Monday, July 21, 2008

The Togetherness Trap

Number 3 of this series of 12 Traps:

Dear Friend

Pause with me and now consider the next trap mentioned by Brent A Barlow:
The Togetherness Trap

The TOGETHERNESS TRAP:
Having either too little or too much identity and bonding as a married couple.

Togetherness: The quality, state, or condition of being together or in a union, proximity, or contact; warm fellowship, as among members of a family.

The trap we sometimes get into is believing that when we are in our spouses presence, we are “together”. …we can sometimes be physically present and psychologically absent.

Some of us are companions by definition and identity only. We live, eat and work in close proximity, yet we are not very close… we have had a wedding but not yet experienced a marriage… we spent time together though emotionally and psychologically we are as distant as if we lived hundreds of miles apart.

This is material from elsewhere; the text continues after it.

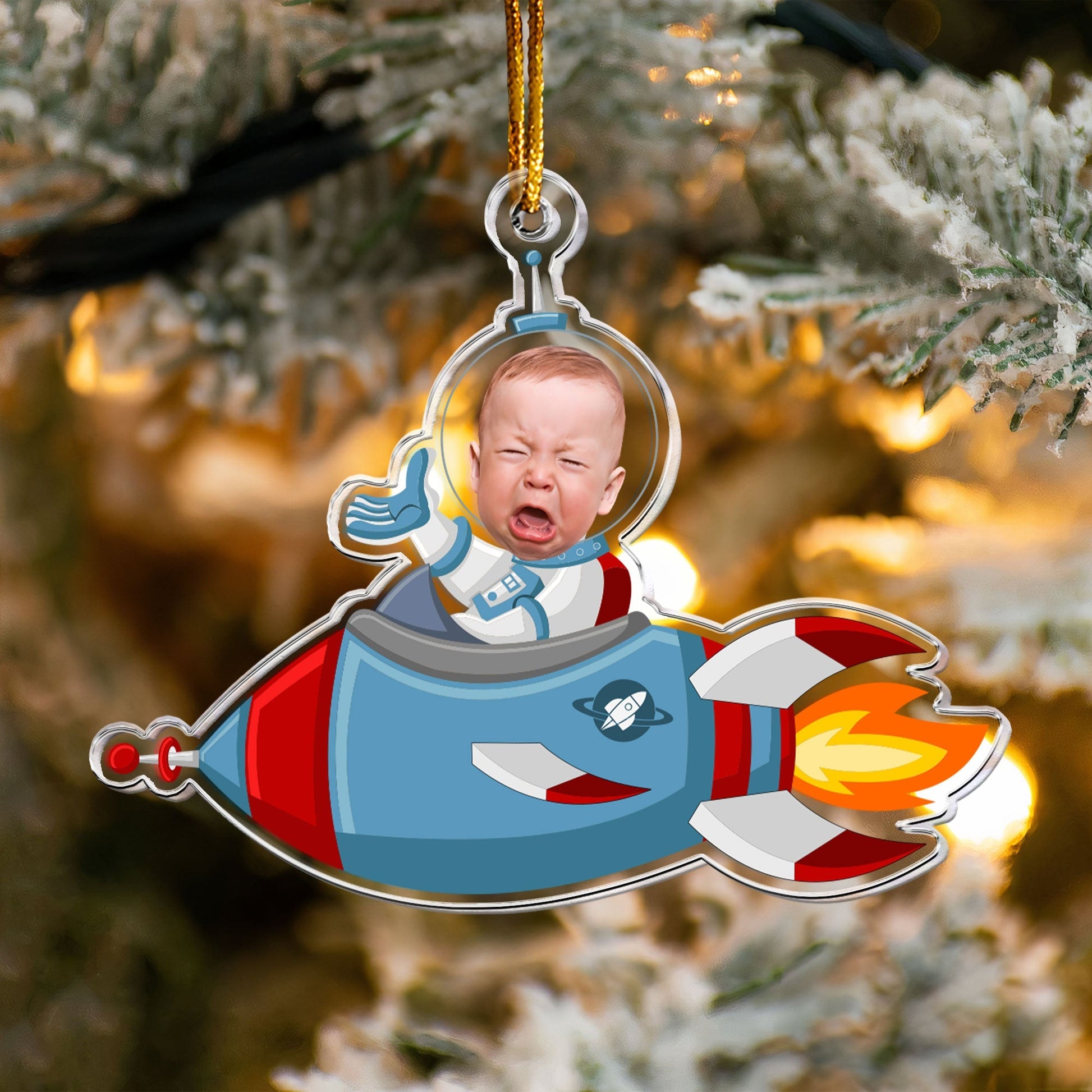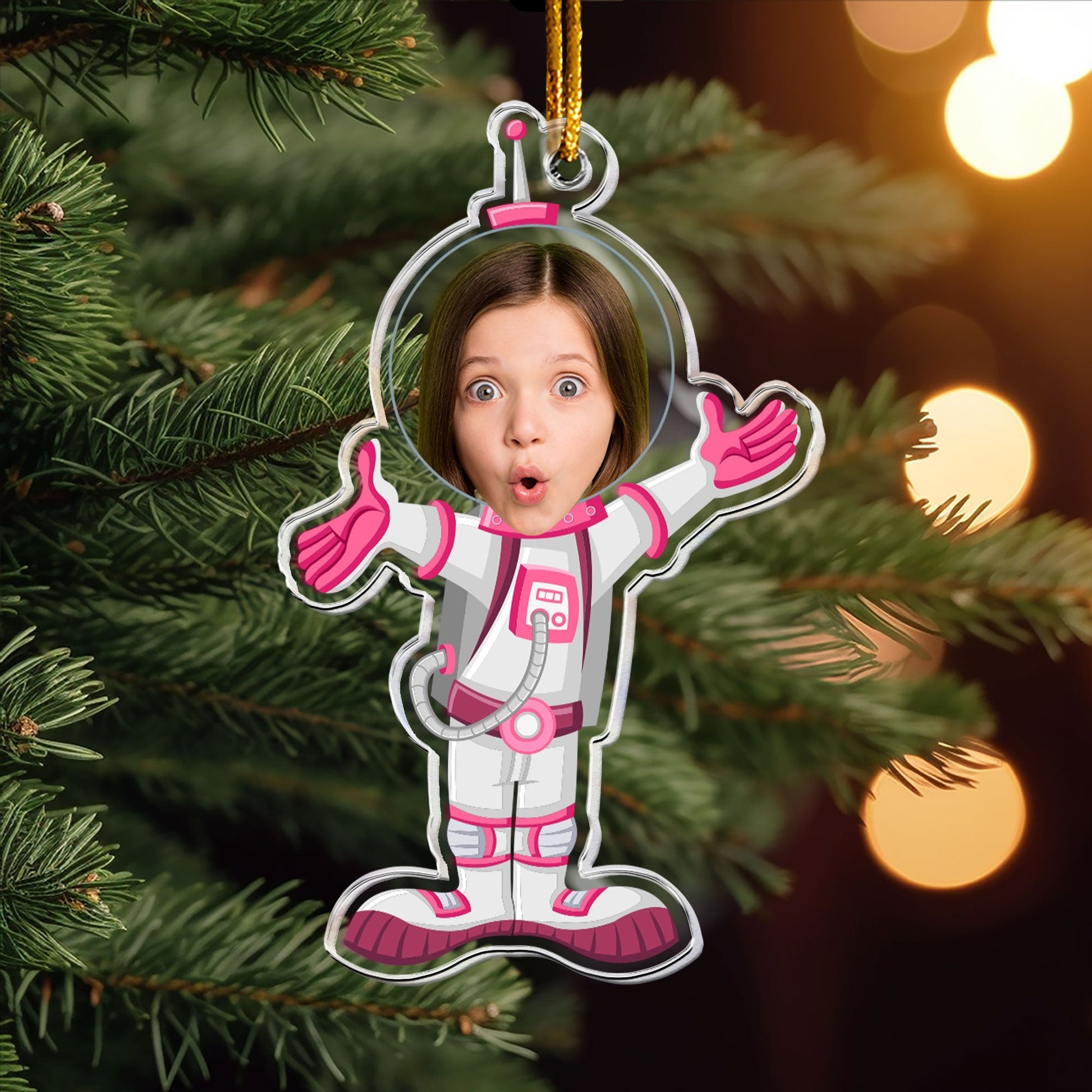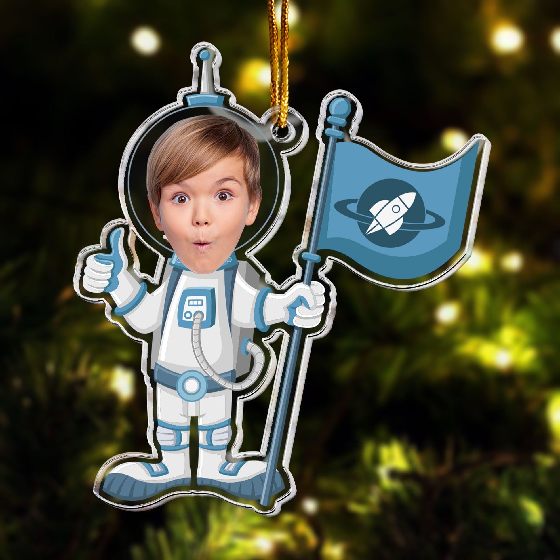 Custom Kid Face In Ufo Astronaut - Personalized Acrylic Photo Ornament

On the other hand - there is the other equally devastating side of this trap: we can become too close, too bound together in our marriage.

“A young man got me out of bed one night. He wanted to talk and I agreed to listen. The new groom was upset because his wife of seven months was going home to visit her parents for two weeks… The longer he talked, the more I knew why. They were too close and their lives too meshed – a common problem for newlyweds.” - Dr Brent A Barlow

There is a season and a time for every purpose: “a time to embrace, and a time to refrain from embracing.”
Ecclesiastes 3:1-8

M Scott Peck writes: “The genuine lover always perceives the beloved as someone who has a totally separate identity…Genuine love not only respects the individuality of the other, but actually seeks to cultivate it.” “The Road Less Traveled” pp 161, 166, 168.

Getting out of the TOGETHERNESS TRAP: LDS – Let’s Do Something!

How do each of us answer these statements?
Talk together afterwards about it.

In what ways is our marriage perceived the same way by each of us? In what ways differently?
How would I like our marriage to be in five year’s time? Do you agree? Why? Why not?
What can I do today/this week/year to get there?

Togetherness might be redefined as the emotional bonding marriage partners have towards each other.

Let the journey continue towards mutual respect and healthy togetherness.

Our marriage now…

1. I can, and sometimes do, ask you for help when I need it
2. When problems arise, I can, and sometimes do, compromise
3. I approve of your friends
4. I am flexible in how I handle our differences
5. I like to do things with you
6. I can, and sometimes do, take turns acting as leader in our marriage
7. I feel closer to you than to others outside the marriage
8. I can, and sometimes do, change my way of handling tasks
9. I like to spend free time with you
10. I can, and sometimes do, try new ways of dealing with problems
11. I feel very close to you
12. I can, and sometimes do, jointly make decisions with you
13. We share some hobbies/interests
14. Rules change and evolve in our marriage
15. We can, and sometimes do, easily think of things to do together
16. We can, and sometimes do, shift household responsibilities
17. I can, and sometimes do, consult you on my decisions
18. I find it hard to identify the leader in our marriage
19. Togetherness is a top priority for me
20. It is hard to tell who does which household chores in our home

How I would like our marriage to be in five year’s time…

What three things do I appreciate that you do in our marriage?

What three things would you like me to do differently in our marriage?
(I might agree to choose one or more and work on it…)

What do I freely and of my own choosing want to do differently
that might make a difference in the right direction (in my opinion)
in our marriage? (If it doesn’t work… I’ll rethink the matter!)

What constructive changes can I make? Do I want to? When?

Have fun. If at first you don’t succeed in reaching the togetherness balance for you both…
try, try, try again. Perseverance towards a worthy goal pays.